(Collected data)
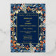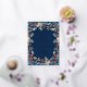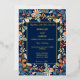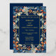 Navy blue floral design is perfect for summer and fall weddings. The navy blue background is a stunning backdrop for the softer flowers of blues, rust, and a hint of silver. The gold foil frame and letters makes everything pop. It is truly a stunning design.
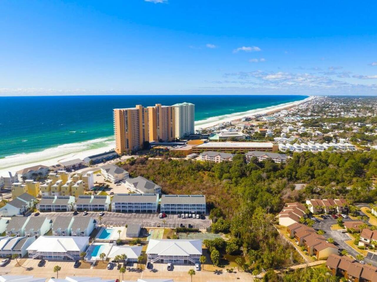 Southwind Social is on the west end of the beach. While there is still plenty of shopping and dining with 30a close by and Pier Park right down the road, the west end of the beach is very quiet. If you should need shopping, dining, or entertainment recommendations they are walking/biking/golf cart distance away. The complex is one off the beach, less than 200 steps to the water line. You will need a vehicle to get around Panama City Beach and during peak season traffic can be heavy.
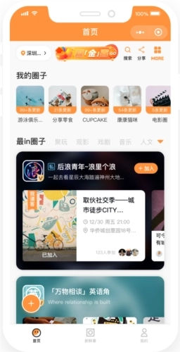【圈子活动】在各式各样时尚又酷炫的圈子里,总有一场活动能契合你的心意!快挑选你的城市、加入一个圈子、选定一场活动、走出家门吧!要是你的城市还没有圈子,那就立刻成为这座城市首位圈子主理人,引领活动新文娱的潮流!
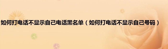 以上就是【如何打电话不显示自己电话黑名单,如何打电话不显示自己号码】相关内容。
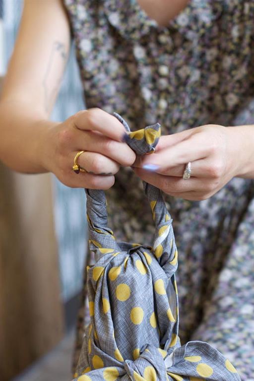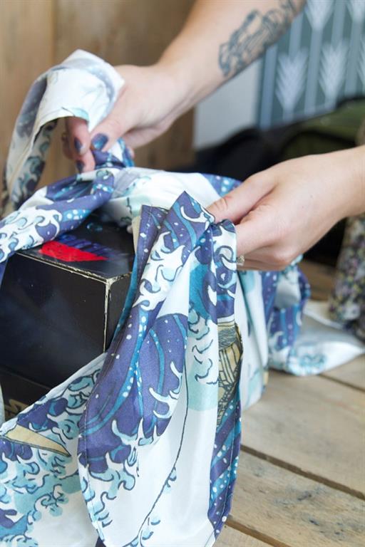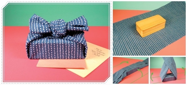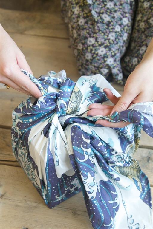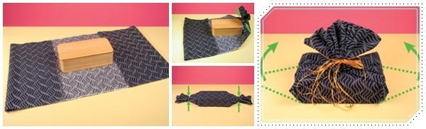 Thông thường, ta thường bọc hộp quà vuông bằng giấy rồi đính thêm một chiếc nơ. Với người Nhật, một vuông vải có thể thay thế vai trò của cả giấy gói và nơ.
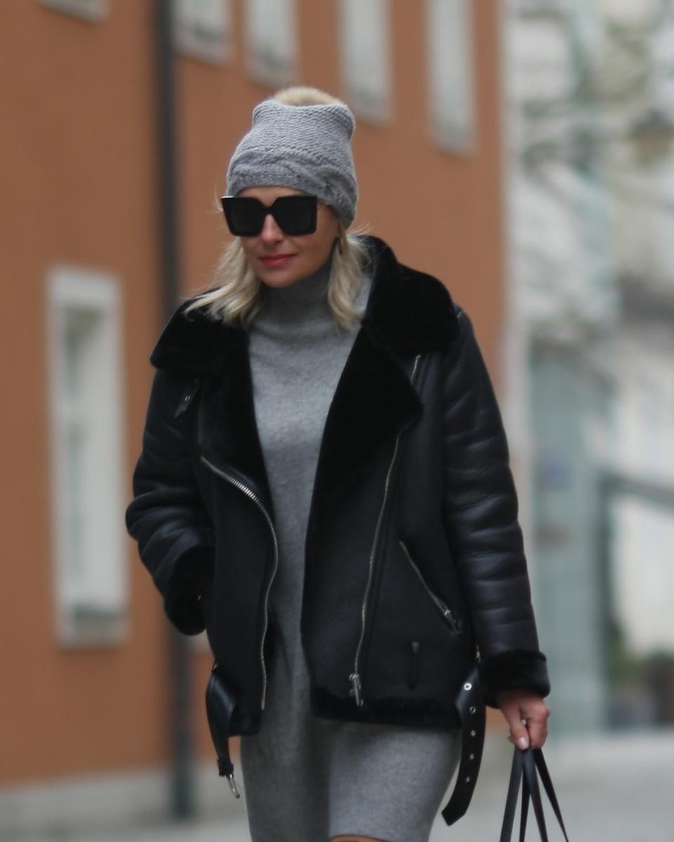 Следующее правило — выбрать подходящую вязку. Слишком крупная и объёмная сейчас неактуальны, поэтому советую присмотреться к шапкам в рубчик, либо к полотну с мелкими петлями, но из тёплой пряжи. Чаще всего на таких моделях нет широкого отворота, благодаря чему их можно сочетать с элегантным пальто или шубой. Вот примеры.
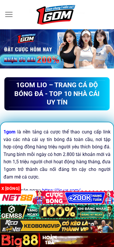| Название / Заголовок | 1Gom Lio – Trang Cá Độ Bóng Đá - Top 10 Nhà Cái Uy Tín 2025 |
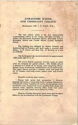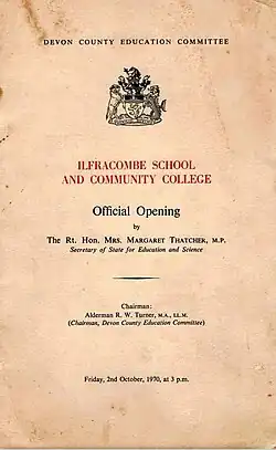 Originally opened by then Education Secretary Margaret Thatcher in 1970 and known as Ilfracombe School & Community College, it was the first purpose-built comprehensive school in the country. Subsequently, it was called Ilfracombe College. Since the early 1980s, facilities available to students have included a television studio with an editing suite. The buildings were designed by Messrs & stillman.[1] Following fundraising and negotiations from 2001, the college was awarded specialist college Media Arts status in 2004 and was renamed Ilfracombe Arts College. In 2007, the school built a £3.4 million arts block named the Beacon Arts Centre. The arts department relocated to this department, freeing up rooms for other uses in the school. The previous art rooms were refurbished into new administration, student services, and learning support areas. The previous student services were refurbished into a conference room with video conferencing facilities. The school converted to academy status in May 2013, but continues to specialise in the arts.
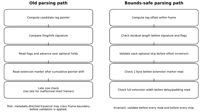 Figure 1. Vulnerable metadata-directed traversal versus bounds-safe offset-based parsing of Xing/Info VBR metadata
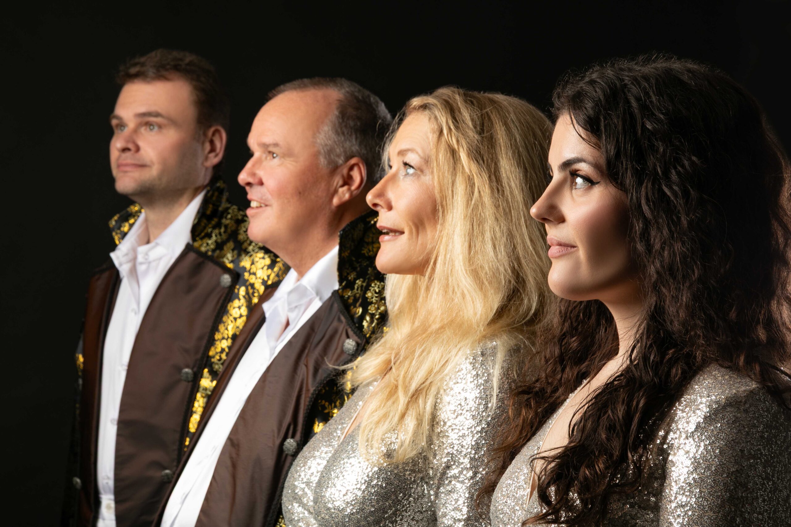 🌟 Authentische Kostüme und die ikonische ABBA-Kombination: zwei Frauen, zwei Männer – live auf der Bühne.
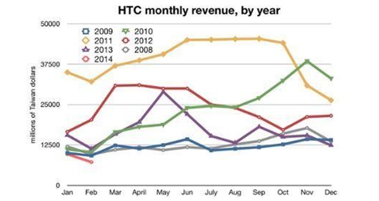 去年,HTC的營收是781.6億新臺幣,創(chuàng)2011年以來最低,并且不到2011年的17%。今年,按照前幾個月的趨勢,HTC有可能再創(chuàng)新低。
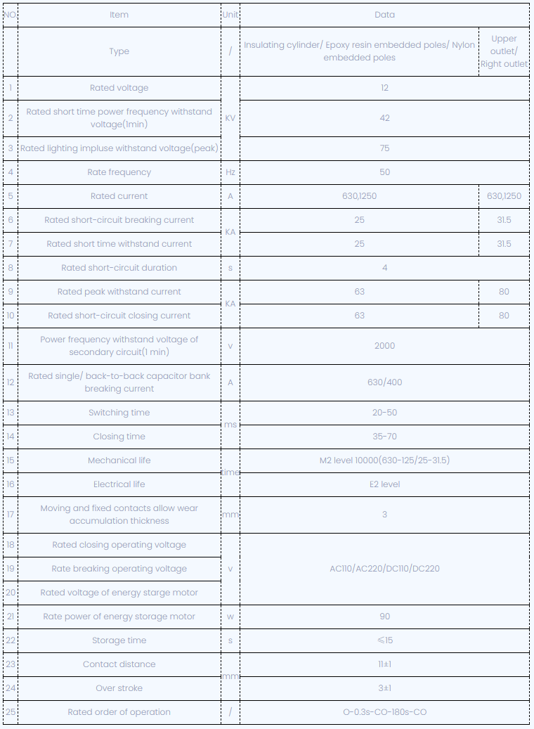 व्हीएसजी-सी/12 प्रकारची साइड इंस्टॉलेशन इनडोअर हाय व्होल्टेज व्हॅक्यूम सर्किट ब्रेकर स्प्रिंग टू स्टोरेज एनर्जी वापरली. ऑपरेटिंग यंत्रणा दोन मार्गांनी चालविली जाऊ शकते, मॅन्युअल आणि इलेक्ट्रोमोटिव्ह ऑपरेशनद्वारे, जीबी 1984-2003 उच्च व्होल्टेज एसी सर्किट ब्रेकर, जेबी 3855-1996 3.6-4.5 केव्ही इंडोर एसी उच्च व्होल्टेज एसी सर्किट ब्रेकर आणि आयईसी मानक 62271-100: 20016271-1-1-1-1-1-1-1-1-1-1-1-1-1-1-1-1-1-100.

▶ _Work required_: Would you please write out the entries in full, exactly as they read, but without pictures?

▶ _Result of this task_:
 Navy blue floral design is perfect for summer and fall weddings. The navy blue background is a stunning backdrop for the softer flowers of blues, rust, and a hint of silver. The gold foil frame and letters makes everything pop. It is truly a stunning design.
 Southwind Social is on the west end of the beach. While there is still plenty of shopping and dining with 30a close by and Pier Park right down the road, the west end of the beach is very quiet. If you should need shopping, dining, or entertainment recommendations they are walking/biking/golf cart distance away. The complex is one off the beach, less than 200 steps to the water line. You will need a vehicle to get around Panama City Beach and during peak season traffic can be heavy.
【圈子活动】在各式各样时尚又酷炫的圈子里,总有一场活动能契合你的心意!快挑选你的城市、加入一个圈子、选定一场活动、走出家门吧!要是你的城市还没有圈子,那就立刻成为这座城市首位圈子主理人,引领活动新文娱的潮流!
 以上就是【如何打电话不显示自己电话黑名单,如何打电话不显示自己号码】相关内容。
 Thông thường, ta thường bọc hộp quà vuông bằng giấy rồi đính thêm một chiếc nơ. Với người Nhật, một vuông vải có thể thay thế vai trò của cả giấy gói và nơ.
 Следующее правило — выбрать подходящую вязку. Слишком крупная и объёмная сейчас неактуальны, поэтому советую присмотреться к шапкам в рубчик, либо к полотну с мелкими петлями, но из тёплой пряжи. Чаще всего на таких моделях нет широкого отворота, благодаря чему их можно сочетать с элегантным пальто или шубой. Вот примеры.
| Название / Заголовок | 1Gom Lio – Trang Cá Độ Bóng Đá - Top 10 Nhà Cái Uy Tín 2025 |
 Originally opened by then Education Secretary Margaret Thatcher in 1970 and known as Ilfracombe School & Community College, it was the first purpose-built comprehensive school in the country. Subsequently, it was called Ilfracombe College. Since the early 1980s, facilities available to students have included a television studio with an editing suite. The buildings were designed by Messrs & stillman.[1] Following fundraising and negotiations from 2001, the college was awarded specialist college Media Arts status in 2004 and was renamed Ilfracombe Arts College. In 2007, the school built a £3.4 million arts block named the Beacon Arts Centre. The arts department relocated to this department, freeing up rooms for other uses in the school. The previous art rooms were refurbished into new administration, student services, and learning support areas. The previous student services were refurbished into a conference room with video conferencing facilities. The school converted to academy status in May 2013, but continues to specialise in the arts.
 Figure 1. Vulnerable metadata-directed traversal versus bounds-safe offset-based parsing of Xing/Info VBR metadata
 🌟 Authentische Kostüme und die ikonische ABBA-Kombination: zwei Frauen, zwei Männer – live auf der Bühne.
 去年,HTC的營收是781.6億新臺幣,創(chuàng)2011年以來最低,并且不到2011年的17%。今年,按照前幾個月的趨勢,HTC有可能再創(chuàng)新低。
 व्हीएसजी-सी/12 प्रकारची साइड इंस्टॉलेशन इनडोअर हाय व्होल्टेज व्हॅक्यूम सर्किट ब्रेकर स्प्रिंग टू स्टोरेज एनर्जी वापरली. ऑपरेटिंग यंत्रणा दोन मार्गांनी चालविली जाऊ शकते, मॅन्युअल आणि इलेक्ट्रोमोटिव्ह ऑपरेशनद्वारे, जीबी 1984-2003 उच्च व्होल्टेज एसी सर्किट ब्रेकर, जेबी 3855-1996 3.6-4.5 केव्ही इंडोर एसी उच्च व्होल्टेज एसी सर्किट ब्रेकर आणि आयईसी मानक 62271-100: 20016271-1-1-1-1-1-1-1-1-1-1-1-1-1-1-1-1-1-100.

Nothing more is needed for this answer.